Fig. 1. — Benchmark of search sensitivity and specificity. Searches were performed against the Rmark3 benchmark either by constructing a single profile HMM from the query alignment (nhmmer profile), constructing a consensus sequence from the query alignment (consensus), or by using family pairwise search (*fpw*). The aborted lines for two nhmmer variants indicate that the list of all hits found by each search variant was exhausted before reaching 1 false positive per Mb per search. The nhmmer parameters were default, except setting the E-value threshold, ‘-E 100’ for profile and consensus variants, to extend the hit list. Higher E-values have no effect, as further hits (true and false) are filtered by the default acceleration heuristics. Many parameters were tested for NCBI blastn 2.2.28+, with the best-performing variant shown here (‘-word_size 7 -penalty -3 -reward 2 -gapopen 4 -gapextend 2’). For each combination of program and method, hits for all families were collected and ranked by E-value, and true and false hits were defined as described in the text. The Y-axis is the fraction of 780 true positives detected with an E-value sufficient to achieve the false-positive rate specified on the X-axis. Runtime was collected on a single thread on a 2.66 GHz Intel Gainestown (X5550) processor. The benchmark can be downloaded from http://selab.janelia.org/publications.html

In this benchmark, we begin with an alignment of multiple members of a DNA sequence family and aim to find more instances of the family in the target sequence database. The standard methods for this homology search problem (e.g. using blastn) involve searching the target database with a single query sequence, either (i) producing a consensus sequence to represent the sequence family, then using the consensus as query to search the database, or (ii) using the family pairwise (fpw) search method, in which each individual sequence from the family alignment is used as a query, the hit lists are merged, and overlapping hits are adjudicated by recording the hit with the best E-value (Grundy, 1998). Using both of these single-sequence query approaches on Rmark3, nhmmer achieves better sensitivity than blastn.

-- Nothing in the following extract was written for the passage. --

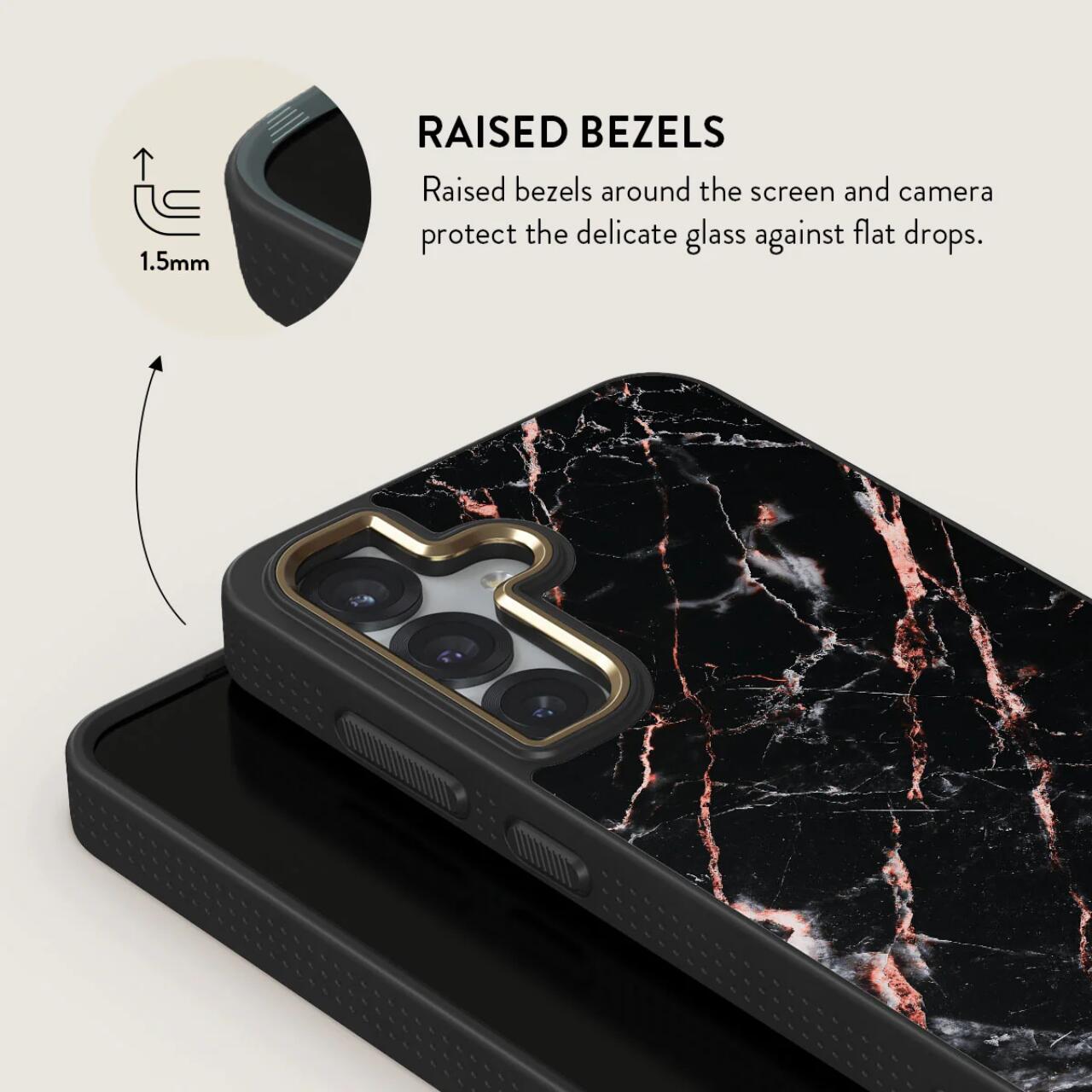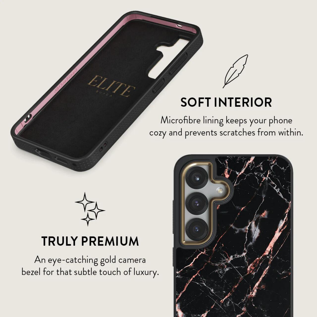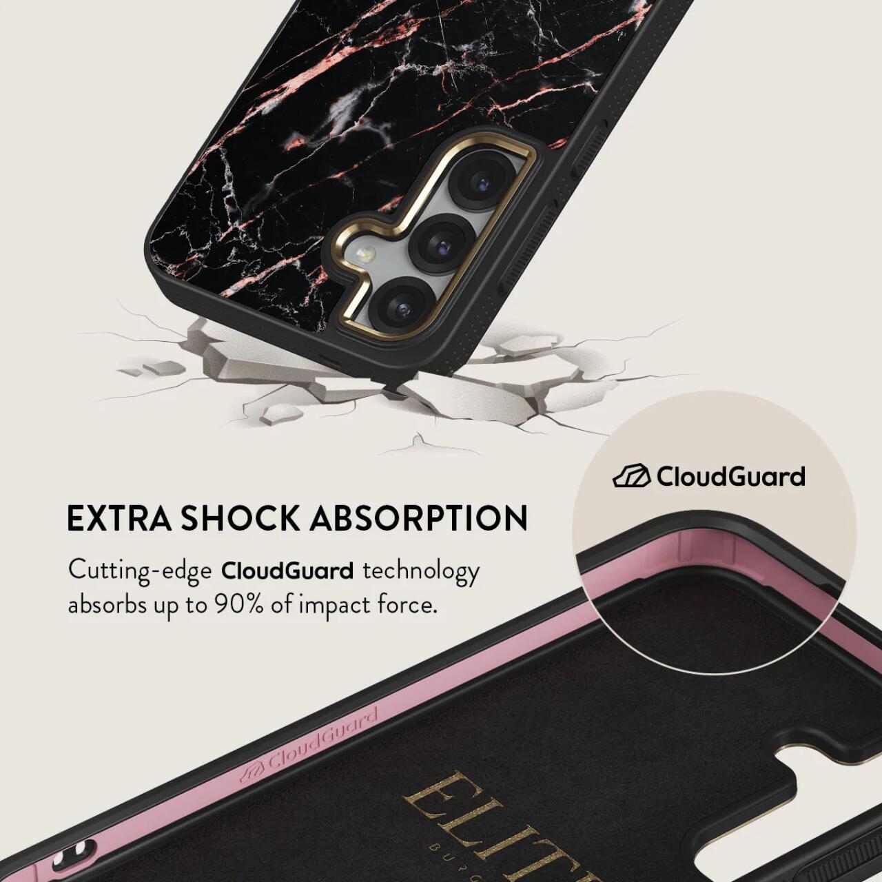 Elite Gold Rose Gold Marble hoesje voor Samsung Galaxy S25 Plus van Burga, is voorzien van CloudGuard-technologie die bescherming biedt tegen schade en is gebouwd voor schokabsorptie en verdediging. Terwijl de harde buitenkant beschermt tegen krassen en vallen, dempt de TPU-siliconen binnenlaag de telefoon door tot 90% van de impact te absorberen.
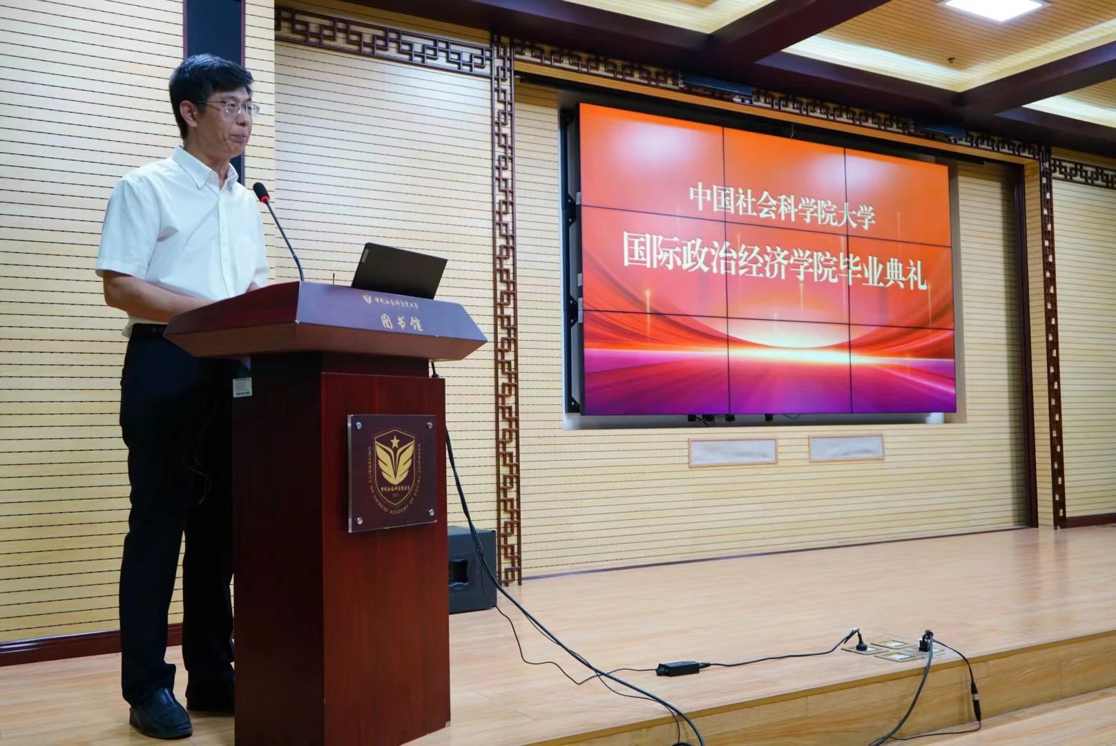 院长张宇燕教授在典礼上发表致辞,强调专业学习中兴趣的重要性,并鼓励毕业生们要继续学习,勇于创新,热爱祖国、为人类发展做出贡献。

These single-sequence query methods do not, however, take full advantage of the information contained within the query alignment. In nhmmer, a profile HMM is built from the alignment, and represents the residue and indel distributions for each position, modeling the conservation patterns of the family in a way that is not possible with single-sequence queries. The benefits of profile search are two-fold: (i) search power is much greater than even with fpw, and (ii) search speed is roughly equivalent to that of searching with a single consensus sequence, as only one search is performed for the entire family, rather than one for each sequence in the query alignment as in fpw.

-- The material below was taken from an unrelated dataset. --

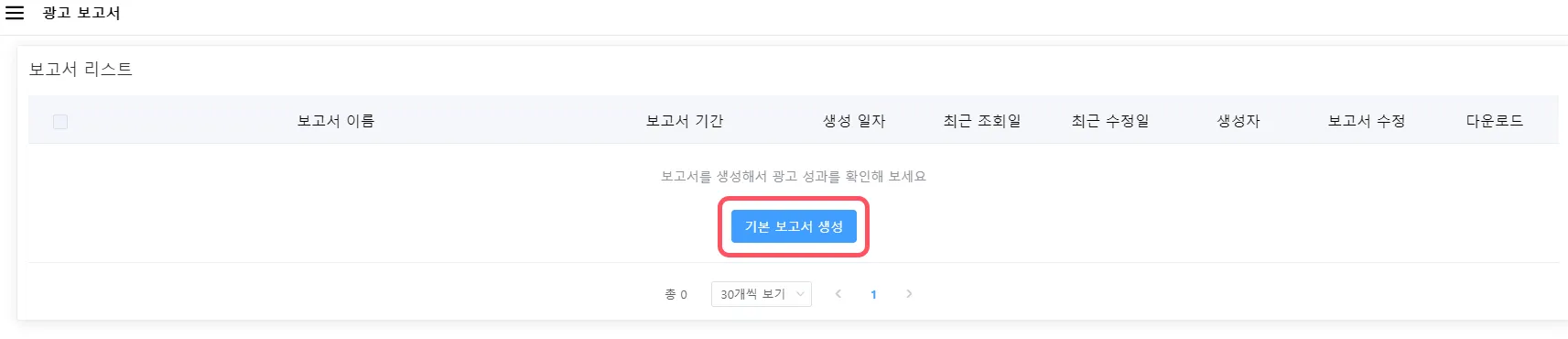 보고서 리스트에서 ‘기본 보고서’가 생성되었음을 알 수 있습니다.

In addition to being more sensitive than blastn, nhmmer represents a nearly 100-fold increase in speed over previous implementations of DNA homology search with profile HMMs. For example, using the seed alignment for Dfam entry DF0000789 (a 338 position-long DNA transposon) to search against the human genome with a single thread took nhmmer 12 min to complete, whereas HMMER 1.8.5 completed in 782 min and SAM 3.5 (Hughey and Krogh, 1995; Karplus et al., 1998) required 844 min.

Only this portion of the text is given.